** Opening Supplied material block **
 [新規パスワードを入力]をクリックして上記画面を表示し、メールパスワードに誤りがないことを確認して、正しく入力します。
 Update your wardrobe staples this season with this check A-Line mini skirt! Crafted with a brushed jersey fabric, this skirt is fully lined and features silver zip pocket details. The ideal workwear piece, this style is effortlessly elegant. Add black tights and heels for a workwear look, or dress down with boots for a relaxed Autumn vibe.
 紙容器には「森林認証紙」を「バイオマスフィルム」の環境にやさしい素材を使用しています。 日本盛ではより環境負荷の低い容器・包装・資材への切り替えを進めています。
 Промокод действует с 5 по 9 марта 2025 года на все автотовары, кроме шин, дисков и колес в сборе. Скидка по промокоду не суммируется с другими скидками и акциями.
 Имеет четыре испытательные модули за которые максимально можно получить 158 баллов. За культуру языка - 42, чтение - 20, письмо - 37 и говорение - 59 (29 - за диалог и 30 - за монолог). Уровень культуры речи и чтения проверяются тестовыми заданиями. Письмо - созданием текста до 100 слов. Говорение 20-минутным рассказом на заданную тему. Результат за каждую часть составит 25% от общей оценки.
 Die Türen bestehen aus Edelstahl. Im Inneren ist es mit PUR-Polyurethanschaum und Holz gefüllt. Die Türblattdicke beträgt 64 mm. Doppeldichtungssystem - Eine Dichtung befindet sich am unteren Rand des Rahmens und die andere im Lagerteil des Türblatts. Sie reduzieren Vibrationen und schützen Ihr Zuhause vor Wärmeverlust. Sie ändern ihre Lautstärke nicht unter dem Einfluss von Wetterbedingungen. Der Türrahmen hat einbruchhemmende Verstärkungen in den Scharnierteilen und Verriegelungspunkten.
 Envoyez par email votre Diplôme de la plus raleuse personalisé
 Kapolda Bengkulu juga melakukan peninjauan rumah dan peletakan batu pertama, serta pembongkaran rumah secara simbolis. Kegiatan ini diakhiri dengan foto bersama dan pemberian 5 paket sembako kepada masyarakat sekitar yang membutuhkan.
** Closing Supplied material block **
** Opening Supplied material block **
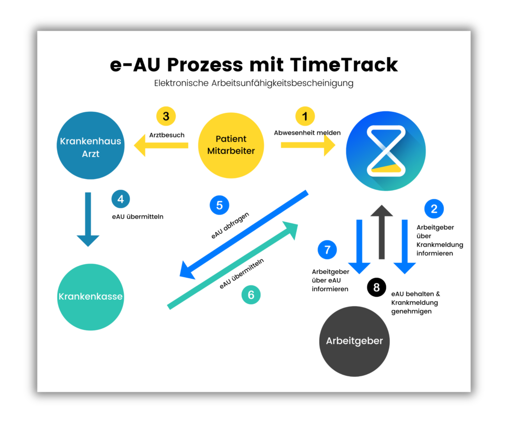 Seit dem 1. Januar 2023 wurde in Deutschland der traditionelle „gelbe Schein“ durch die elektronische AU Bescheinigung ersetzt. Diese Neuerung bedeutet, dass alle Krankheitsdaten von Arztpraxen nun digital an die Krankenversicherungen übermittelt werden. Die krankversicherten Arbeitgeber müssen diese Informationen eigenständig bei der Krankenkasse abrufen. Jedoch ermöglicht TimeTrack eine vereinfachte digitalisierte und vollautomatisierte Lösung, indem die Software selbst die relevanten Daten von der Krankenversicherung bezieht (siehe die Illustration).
** Closing Supplied material block **
Problem to work on
Set down, unchanged, only those lines above that fall between the line with "Envoyez par email" and the line with "Kapolda Bengkulu juga", the two end lines included.

Task output
 Envoyez par email votre Diplôme de la plus raleuse personalisé
 Kapolda Bengkulu juga melakukan peninjauan rumah dan peletakan batu pertama, serta pembongkaran rumah secara simbolis. Kegiatan ini diakhiri dengan foto bersama dan pemberian 5 paket sembako kepada masyarakat sekitar yang membutuhkan.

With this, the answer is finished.